Masuda Funai demonstrated its ability to resolve complex legal matters involving multiple practice areas and jurisdictions by obtaining the complete dismissal of Arbitration Claims, which originally alleged damages in the amount of $450M. Masuda Funai’s commercial and litigation teams obtained a dismissal with no monetary payment whatsoever to the Claimants.

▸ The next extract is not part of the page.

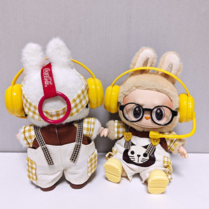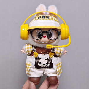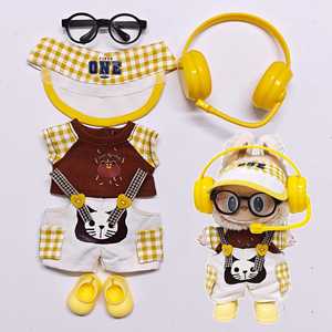 仅娃衣】123代labubu娃衣格衫猫咪背带裤套装15cm17cm拉布布娃衣

A former customer of a long-time Masuda Funai client filed suit in the United States District Court for the Southern District of New York against the client, a U.S. subsidiary of a multi-national corporation, as well several internationally headquartered group companies. The lawsuit alleged that Masuda Funai’s client, its former president, and the group companies entered into a conspiracy with the customer’s lending institution which allegedly resulted in the bankruptcy and liquidation of the customer. The customer brought claims for violations of the Federal Racketeer Influenced and Corrupt Organizations Act (“RICO”), breach of contract, and common law fraud.

Masuda Funai’s Joseph S. Parisi was the original drafter of the sales contract at issue in the case. Based upon the arbitration clause drafted into the contract by Mr. Parisi, the litigation team of Nancy E. Sasamoto, David J. Stein, and Jiwon J. Yhee succeeded in compelling the customer to submit all of its claims to the American Arbitration Association in Chicago. After moving the customer’s case to arbitration, the Masuda Funai team quickly obtained dismissal of the customer’s RICO claims, leaving the customer with only breach of contract and common law fraud actions against Masuda Funai’s client, its president, and the related group companies.

After nearly two and a half years of procedural wrangling, discovery disputes, and preparation for hearing, Masuda Funai’s litigators achieved a complete dismissal of the remaining claims against the client group with no settlement payment to the customer. The ability to achieve this result was largely due to the damages limitation clause contained in the contract, which barred the customer from recovery for any lost profits or other consequential or incidental damages.